An exact repetition of the data is required; no picture should appear in it.

## SUPPLIED INFORMATION
---

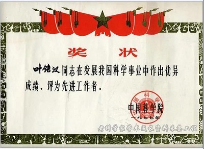 1977年,叶铭汉荣获中国科学院颁发的先进工作者证书
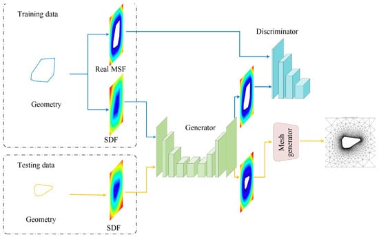 In recent years, neural networks have achieved continuous and significant advancements in the field of finite element mesh generation and optimization [85,86]. Guo et al. [87] proposed a novel approach fusing heuristic and optimization smoothing. The model takes the ring formed by the neighboring nodes of a free node as input, predicts the optimal position of the free node, and optimizes the mesh by moving the node directly without changing the mesh topology. ML-driven techniques for predicting mesh spacing functions [88], such as the Implicit Geometry Neural Network (IGNN), enable the automated generation of adaptive meshes by learning the mapping between geometric characteristics and mesh size functions (Figure 6) [89]. Meanwhile, 3DMeshNet embeds the differential equations for mesh generation into the loss function of the neural network and learns mappings in the space with geometric points as inputs to achieve fast generation of 3D structured meshes. These approaches have exhibited remarkable robustness and efficiency across various scenarios, achieving an 85% reduction in mesh generation time and a 4- to 8-fold decrease in computational costs [90].
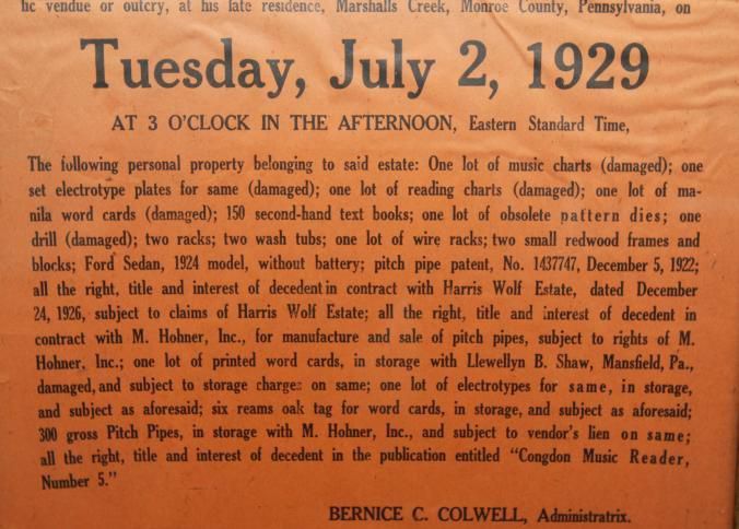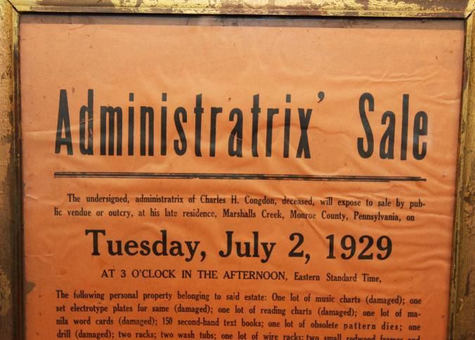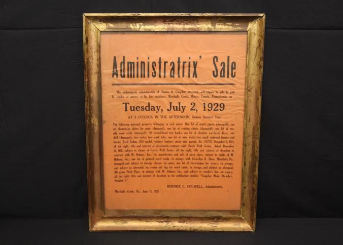 FR. 1929 PA. "ADMINISTRATRIX SALE" 14X16". A VERY UNIQUE ESTATE BROADSIDE. THE WOMAN HANDLING THE ESTATE, BERNICE C. COLWELL WS ORDERING THE SALE OF CHARLES H. CONGDON ESTATE. SHE "WILL EXPOSE TO SALE BY PUBLIC VENDUE OR OUTCRY, AT HIS LATE RESIDENCE, MARSHALLS CREEK, MONROE COUNTY, PENNSYLVANIA ON TUES. JULY 2, 1929 AT 3 O'CLOCK IN THE AFTERNOON, EASTERN STANDARD TIME (HAVEN'T SEEN "E.S.T." ON A BROADSIDE BEFORE, VERY LEGAL). THE LISTING IS VERY DETAILED, INCLUDING NOTATIONS OF DAMAGE. VERY UNUSUAL BROADSIDE.Created By

---

## SOLUTION TO THE EXERCISE
 1977年,叶铭汉荣获中国科学院颁发的先进工作者证书
 In recent years, neural networks have achieved continuous and significant advancements in the field of finite element mesh generation and optimization [85,86]. Guo et al. [87] proposed a novel approach fusing heuristic and optimization smoothing. The model takes the ring formed by the neighboring nodes of a free node as input, predicts the optimal position of the free node, and optimizes the mesh by moving the node directly without changing the mesh topology. ML-driven techniques for predicting mesh spacing functions [88], such as the Implicit Geometry Neural Network (IGNN), enable the automated generation of adaptive meshes by learning the mapping between geometric characteristics and mesh size functions (Figure 6) [89]. Meanwhile, 3DMeshNet embeds the differential equations for mesh generation into the loss function of the neural network and learns mappings in the space with geometric points as inputs to achieve fast generation of 3D structured meshes. These approaches have exhibited remarkable robustness and efficiency across various scenarios, achieving an 85% reduction in mesh generation time and a 4- to 8-fold decrease in computational costs [90].
 FR. 1929 PA. "ADMINISTRATRIX SALE" 14X16". A VERY UNIQUE ESTATE BROADSIDE. THE WOMAN HANDLING THE ESTATE, BERNICE C. COLWELL WS ORDERING THE SALE OF CHARLES H. CONGDON ESTATE. SHE "WILL EXPOSE TO SALE BY PUBLIC VENDUE OR OUTCRY, AT HIS LATE RESIDENCE, MARSHALLS CREEK, MONROE COUNTY, PENNSYLVANIA ON TUES. JULY 2, 1929 AT 3 O'CLOCK IN THE AFTERNOON, EASTERN STANDARD TIME (HAVEN'T SEEN "E.S.T." ON A BROADSIDE BEFORE, VERY LEGAL). THE LISTING IS VERY DETAILED, INCLUDING NOTATIONS OF DAMAGE. VERY UNUSUAL BROADSIDE.Created By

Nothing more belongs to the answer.